Undergrounders
- Author: David Skuy
- Language: English
- Genre: Realistic fiction
- Published: Scholastic Canada
- Publication date: 2011
- Publication place: Canada
- Media type: Print (paperback)
- Pages: 194
- Awards: Silver Birch Awards
- ISBN: 978-1-4431-0728-0
- OCLC: 709938888

= Undergrounders =

Novel written by Canadian author David Skuy

Undergrounders is a novel written by Canadian author David Skuy, published by Scholastic Canada in 2011 and winner of the 2012 Silver Birch award.

== Plot ==

The plot is about a young boy named Jonathon (nicknamed Mouse) that lives in the "Underground" as his mother died of cancer.

The story is narrated by Jonathon, a 12-year-old boy. After his mom died from cancer, her boyfriend, Ron, left Jonathon and the landlord kicked him out. He survived in the forest on berries, but soon, it became cold, and another homeless boy named Lewis took him to the "Underground", a basement of an abandoned shopping mall, that was apparently never built past the underground portion.

One day, while Jonathan was begging for money, he entered a hockey store (Baxter's) through an alleyway. From there, he stole a pair of Grafs (Ice hockey skates), a Maple Leafs jersey, an ice hockey puck, an Easton ice hockey stick, two pairs of gloves, one pair of winter mittens and a roll of stick tape, as well as five dollars, a sandwich and a Coca-Cola. After that, Jonathan went back to the rink, to practice his skills. There, he met Rasheed, Collin and Derrick. Meanwhile, Lewis tells Jonathan that he has something planned for him.
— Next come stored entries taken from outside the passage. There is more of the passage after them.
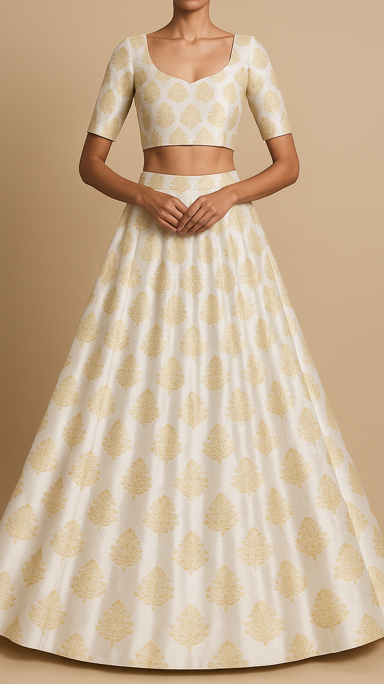 Ideal for sarees, lehengas, blouses, and dupattas, this fabric reflects refined craftsmanship and heritage charm. The all-over zari handloom design makes it perfect for weddings, festive celebrations, and ethnic wear collections.
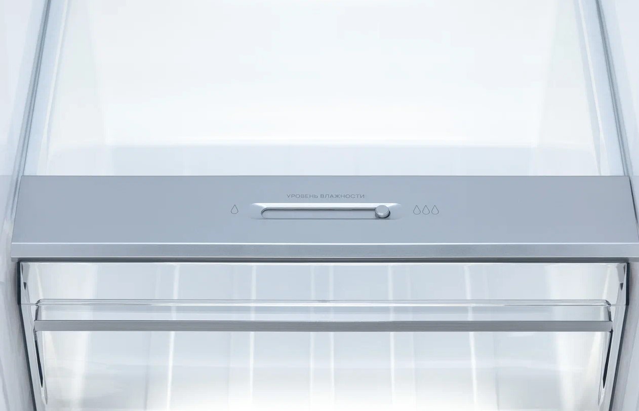 Специальная зона свежести предназначена для правильного и более длительного хранения овощей, фруктов, зелени. В ней поддерживается околонулевая температура, поэтому продукты не перемораживаются и не пересыхают. Система охлаждения этого холодильника — циркуляционная .
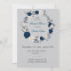 elegant navy blue and white flowers botanical wreath on a grey background bridal shower invitation
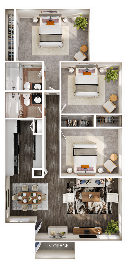 Copperwood - Floorplan 2 Copperwood - 3D Tour Apartment Unit: 0203Apartment Model: Copperwood$2,8762 Bedroom, 1 Bath, 912 sq ftAvailable Now3 Bedrooms
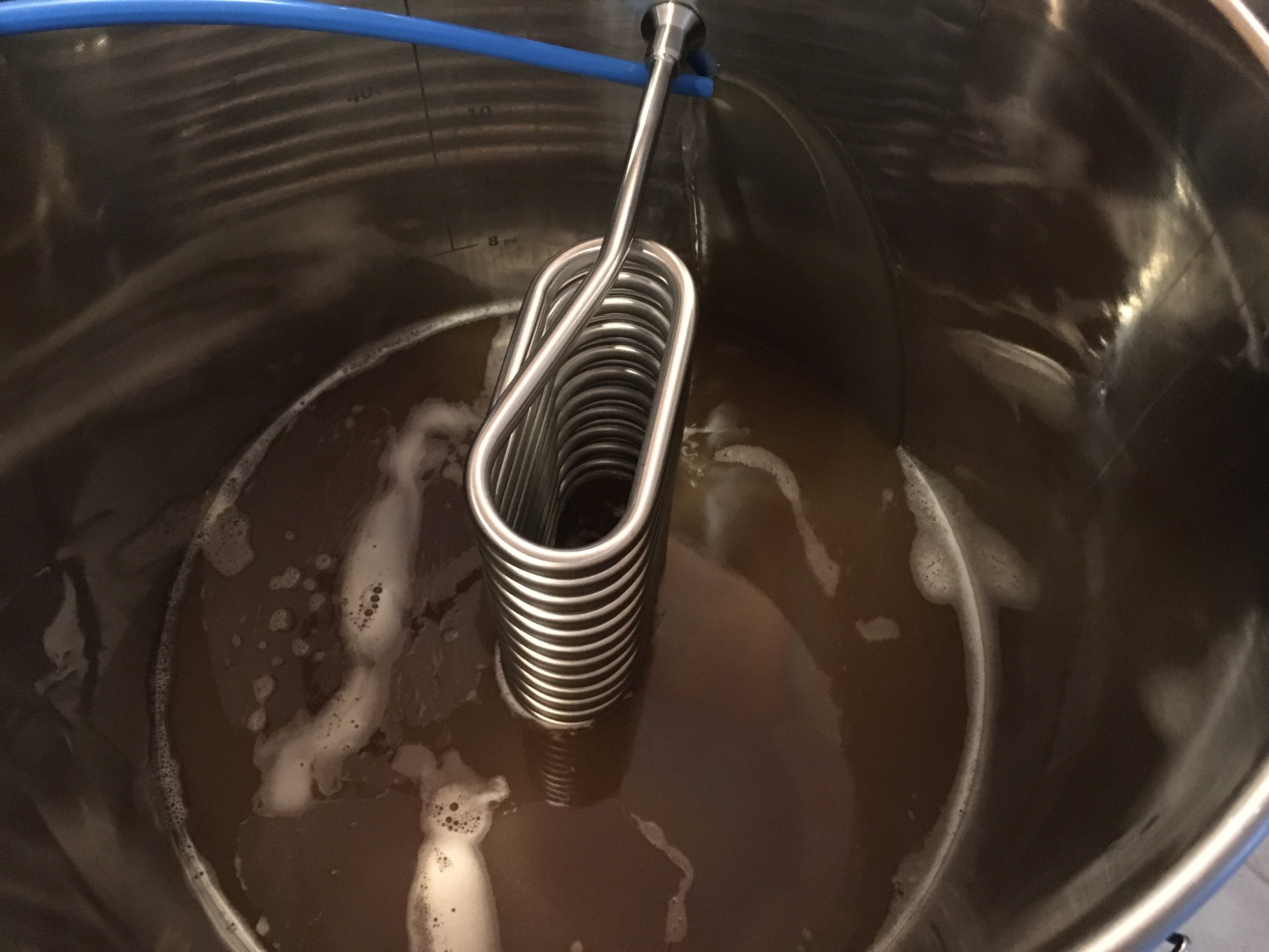 Bei Kochbeginn Hefe rehydriert, dass war ein Fehler. Hatte ich außer acht gelassen, dass ja erst auf 12°C runter gekühlt werden musste.
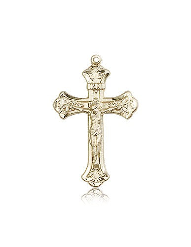 This Crucifix Pendant is made of 14 Karat Gold. The jewelry pendant is sold as pictured and does not come with a chain. All medals are gift boxed in a light blue velvet jewelry box ready for gift giving.
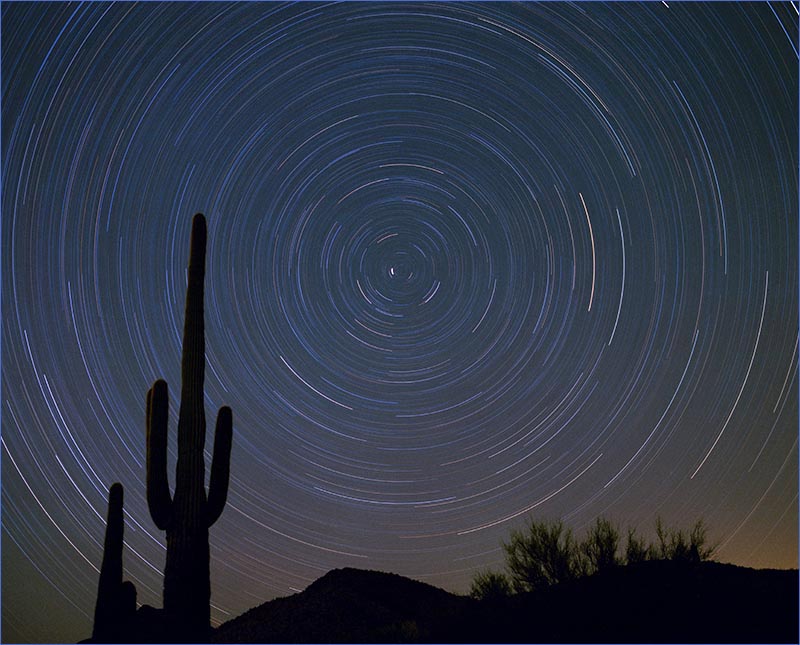 The setting for this star trails photo is the pristine desert landscape of the Organ Pipe National Monument in Southern Arizona. The Seguaro cactus in the foreground is at least 25 feet tall.
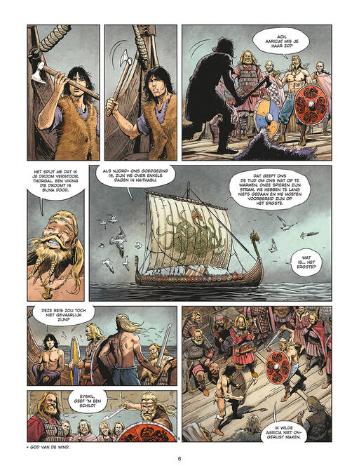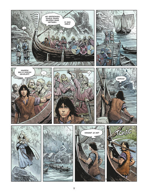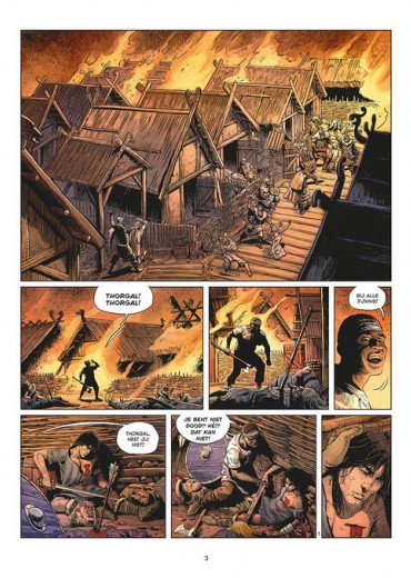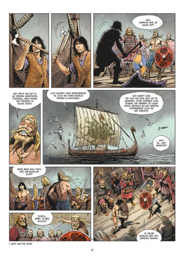 Score moyen 3 / 5De cover spreekt in ieder geval aan als je dit album aanschouwt; benieuwd of de inhoud ons ook weet te bekoren.. De naam Sydönia heeft om te beginnen niets met die andere stripfiguur te maken, integendeel zelfs. Sydönia is de jonge dochter van de onlangs overleden koning Harald (zie het vorige album in deze reeks), maar van dit overlijden is ze nog niet op de hoogte. Ze is het saaie leventje beu aan het hof en wil zelf het heft in handen nemen. Echter heeft haar moeder die koningin is, nog altijd de macht. Als mannen de huid van een geschoten beer door Harald binnenbrengen in het kasteel, blijkt deze huid te kunnen communiceren met Sydönia. Deze geest blijkt verwant met de bloedlijn van Sydönia, waarbij hij aan haar meldt dat Harald overleden is. Even later wordt dit bevestigd door een koninklijk handelsschip die terug is. De hoge raad van het kasteel komt dit ook te horen waarop Sydönia een deal sluit met hen om haar bastaardbroer Sveynn uit te schakelen, gezien deze nu de troon zal bestijgen. Even later komt de drakkar van Sveynn aan waarop Thorgal zich ook bevindt. Maar als ze de wallen binnen varen, blijkt het wel heel stil te zijn… verdacht stil. Weet Sveynn zich als koning uit te roepen, of lopen ze in de list van Sydönia…? Het scenario van dit deel is terug door Yann (Berentand, Black Squaw, Mezek,…) geschreven en weet terug iets meer te bekoren dan het vorige deel. Echter blijft de Thorgal-sfeer van weleer wat zoek, precies of de jonge jaren ook wat mager zijn qua verhaal. Het blijft allemaal vrij simpel: Sydönia neemt gemakkelijk de macht over, ze probeert haar broer Sveynn uit te schakelen, die op zijn beurt zijn deel doet,… Ok, er zijn een paar leuke extra’s op het eind maar het weet niet te overtuigen. Het tekenwerk van de hand van Roman Surzhenko blijft wel op een mooi niveau en doet geen afbreuk aan de reeks. De brute vikingen, de dreigende drakkars en de actie worden mooi in beeld gebracht. Verwacht geen heropleving van deze zijreeks, maar als je zin hebt in wat rauwe vikingactie blijf je wel goed zitten met dit album.

For days, Jonathan continued to practice at the hockey rink, until he is invited to join Rasheed's hockey team. While in the hockey team, he scores many of the goals. One day, after a hockey game, he accidentally overhears his teammates gossiping behind his back. This results in Jonathan leaving the hockey team.

Soon after, Lewis finds something for Jonathan, which is theft. After Jonathan steals from an electronics store, he gets mad at Lewis, which results in a broken friendship. After, when he pays his 50 cent admission to the Underground, Rigger, the collector, states that he has to pay more, as he stored his hockey equipment there. As a result, he asks Lewis for the money (which he doesn't give) and then is kicked out of the Underground.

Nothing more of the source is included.